*What you should do*: What is needed is an exact repetition of the lines from the first one in the data through the line with "近くて遠い観音様、青空で午後の陽射しを受け神々しく輝いていました!", with no pictures.

*Recorded information*:
---------------
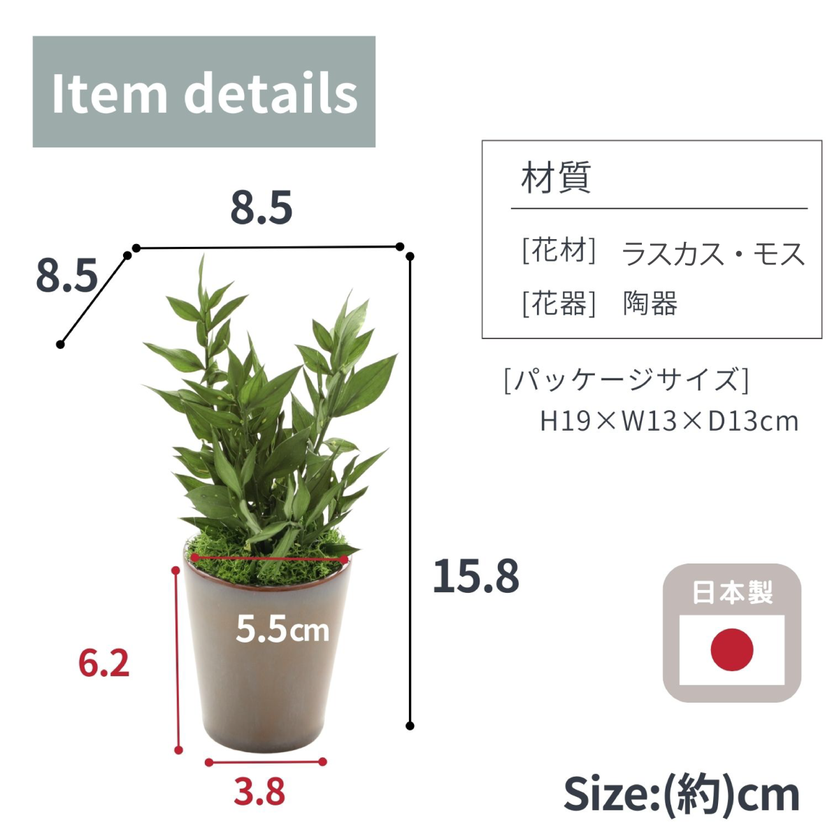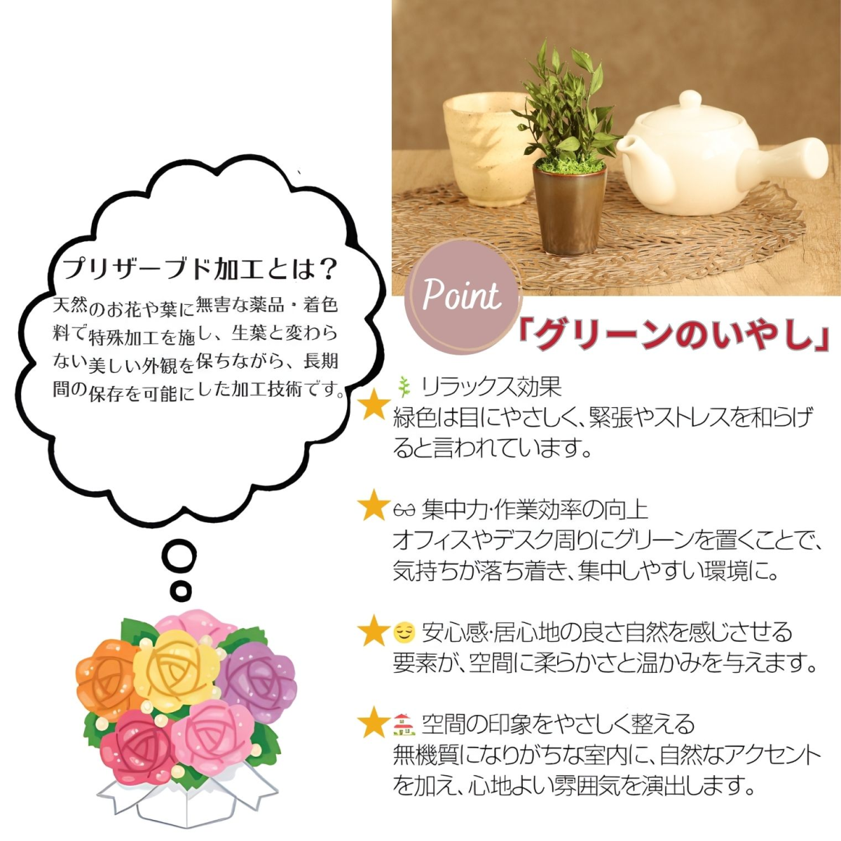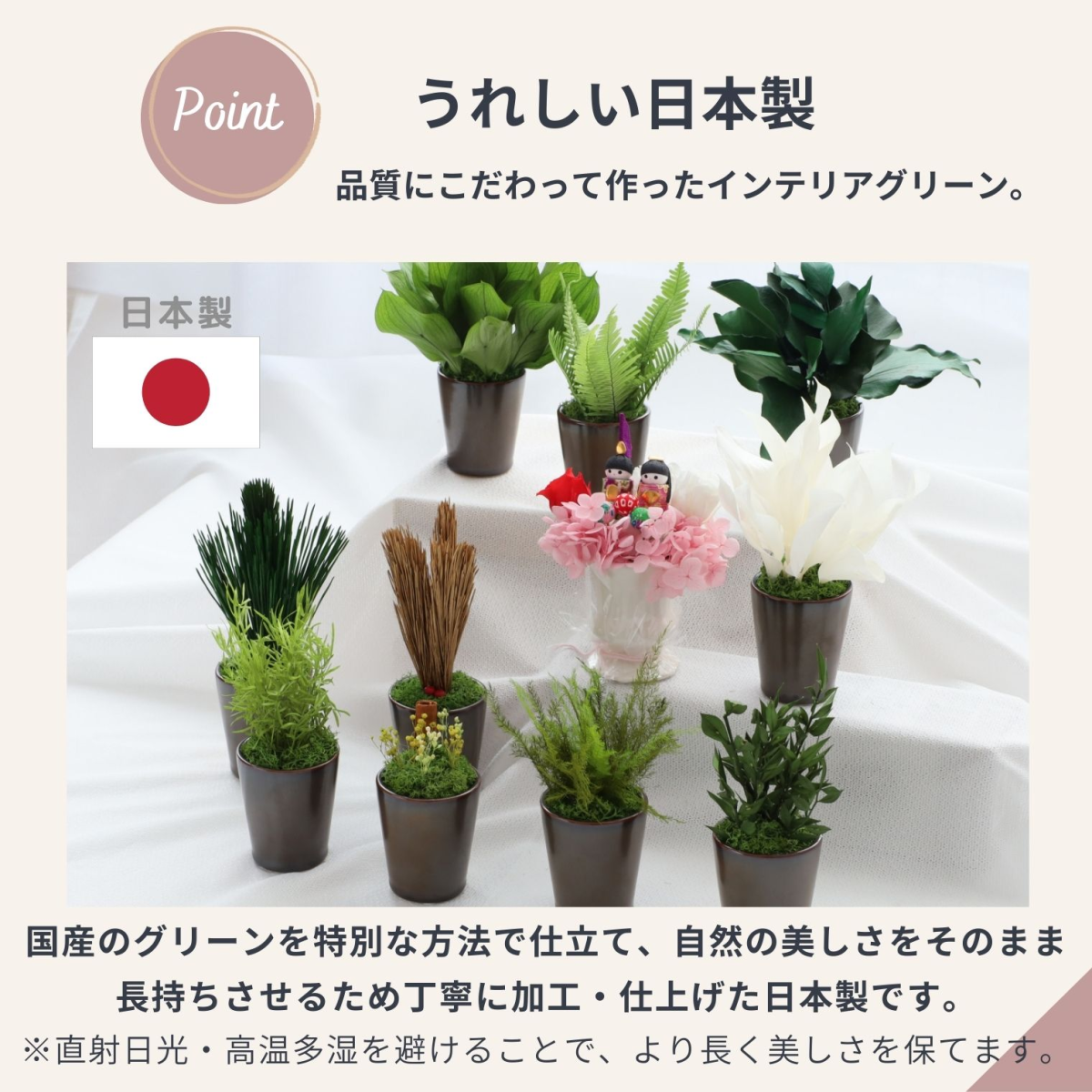 PRODUCT商品詳細 アスパラミントグリーン プリザーブド加工したアスパラの葉と苔を合わせてアレンジメントしました。 フレッシュなグリーンの葉が鮮やかで、明るく新鮮な雰囲気のアレンジメントです。 和風・洋風の場所を選ばず、どこに飾っても馴染むデザインです。 使用している植物はすべてプリザーブド加工を施しているので、水やりなどの手間は必要ありません。 日当たりが全くない場所でも枯れる心配はありません。場所や季節を選ばず、インテリアとして常に飾ることができます。
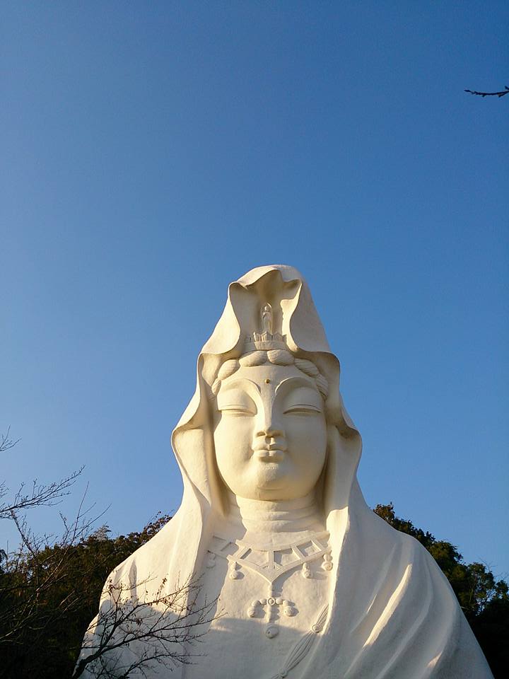 近くて遠い観音様、青空で午後の陽射しを受け神々しく輝いていました!
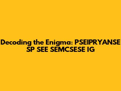 Decoding acronyms can feel like a daunting task, especially when faced with an enigmatic string like PSEIPRYANSE SP SEE SEMCSESE IG. However, by employing the strategies and tools outlined in this article, you can approach the challenge with confidence. Remember to consider the context, break down the acronym into smaller parts, utilize online resources, and don't hesitate to ask for help. While the meaning of PSEIPRYANSE SP SEE SEMCSESE IG remains elusive without further context, the principles of acronym decoding apply universally.
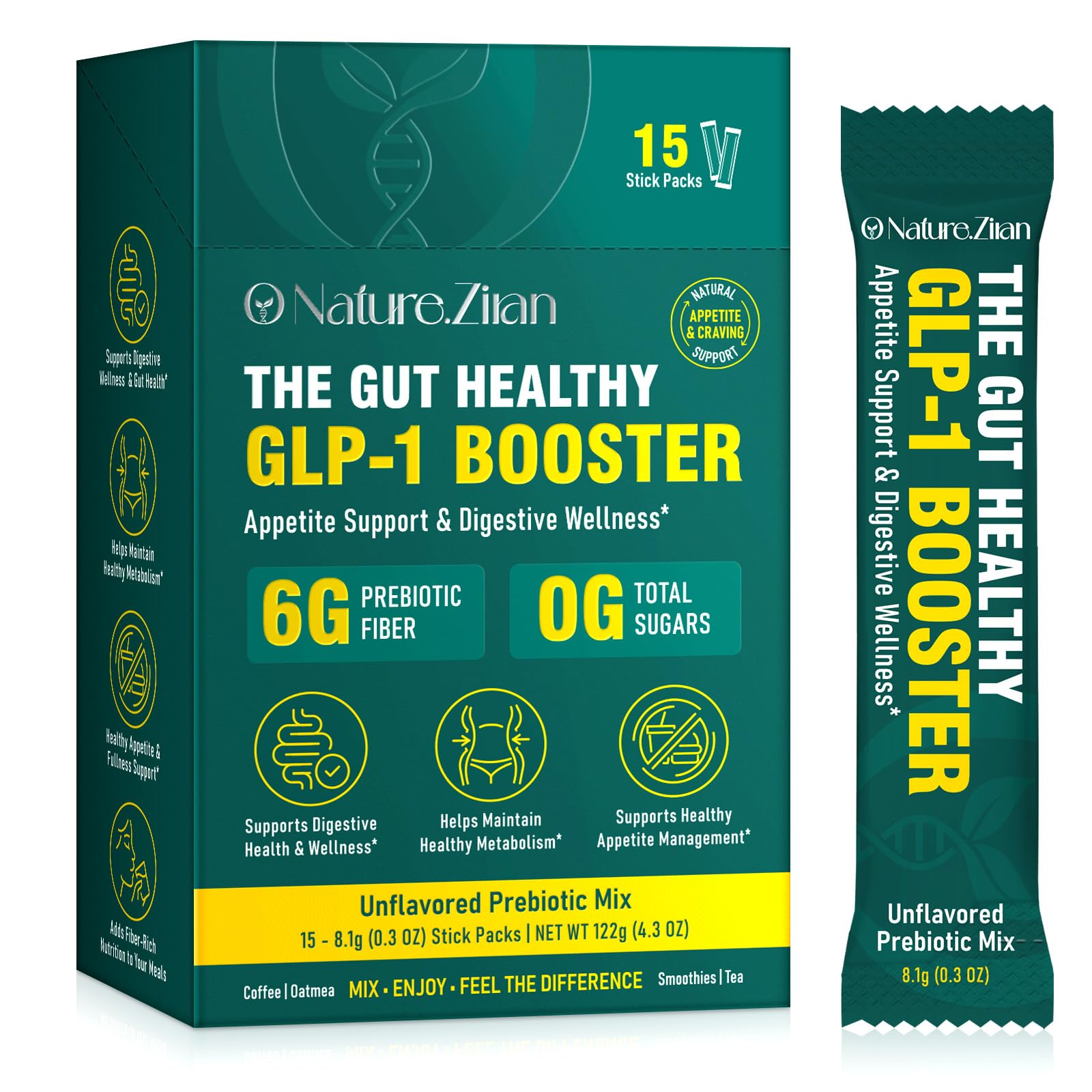 Onature.Ziran GLP-1 Booster Powder supports your digestive health with fiber-rich supplements, made with natural, gluten-friendly ingredients. Easily mix into meals or beverages for nutrition and lasting satisfaction - without compromising taste or texture. Introducing – The Gut Healthy GLP-1 Booster, your daily partner for appetite support, digestive wellness, and metabolic health. Crafted for those seeking a natural, effective way to nurture their gut, this unflavored prebiotic fiber mix seamlessly integrates into your routine, helping you feel balanced, satisfied, and energized from within. Each stick pack contains 6g of premium prebiotic fiber with 0g total sugars, designed to stimulate the body's natural GLP-1 production—a key hormone for appetite regulation and metabolic maintenance. By supporting healthy gut bacteria, our formula promotes smoother digestion, reduces occasional bloating, and fosters a thriving microbiome for long-term digestive health. Enjoy effortless daily use: simply tear, mix, and stir into your favorite hot or cold beverage—coffee, tea, smoothies—or blend into oatmeal, yogurt, or water. With no taste interference, it's the invisible boost your diet deserves. Whether you're managing appetite, optimizing digestion, or maintaining a healthy metabolism, NatureZilain offers a clean, plant-based, and non-GMO solution that fits seamlessly into a wellness-focused lifestyle.15 Convenient Stick Packs – Pre-measured single-serve sticks make dosing simple and portable. Ideal for travel, work, or home—just mix, enjoy, and feel the difference. Supports Digestive Wellness Gut Health – Helps improve digestion, reduce bloating, and strengthen the gut microbiome for enhanced immune function and overall digestive comfort. Easy Versatile Daily Use – Unflavored and dissolvable effortlessly mix into coffee, tea, oatmeal, smoothies, or water without altering taste. Perfect for on-the-go gut health. 6g Prebiotic Fiber with 0g Sugar – Each stick pack delivers 6g of pure prebiotic fiber to nourish gut bacteria, promote digestive health, and support regularity—all with no added sugars or artificial ingredients. GLP-1 Booster for Appetite Metabolism Support – Formulated to naturally enhance GLP-1 levels, helping manage cravings, support healthy appetite control, and maintain a balanced metabolism for overall wellness.
---------------
*Solution for this exercise*:
 PRODUCT商品詳細 アスパラミントグリーン プリザーブド加工したアスパラの葉と苔を合わせてアレンジメントしました。 フレッシュなグリーンの葉が鮮やかで、明るく新鮮な雰囲気のアレンジメントです。 和風・洋風の場所を選ばず、どこに飾っても馴染むデザインです。 使用している植物はすべてプリザーブド加工を施しているので、水やりなどの手間は必要ありません。 日当たりが全くない場所でも枯れる心配はありません。場所や季節を選ばず、インテリアとして常に飾ることができます。
 近くて遠い観音様、青空で午後の陽射しを受け神々しく輝いていました!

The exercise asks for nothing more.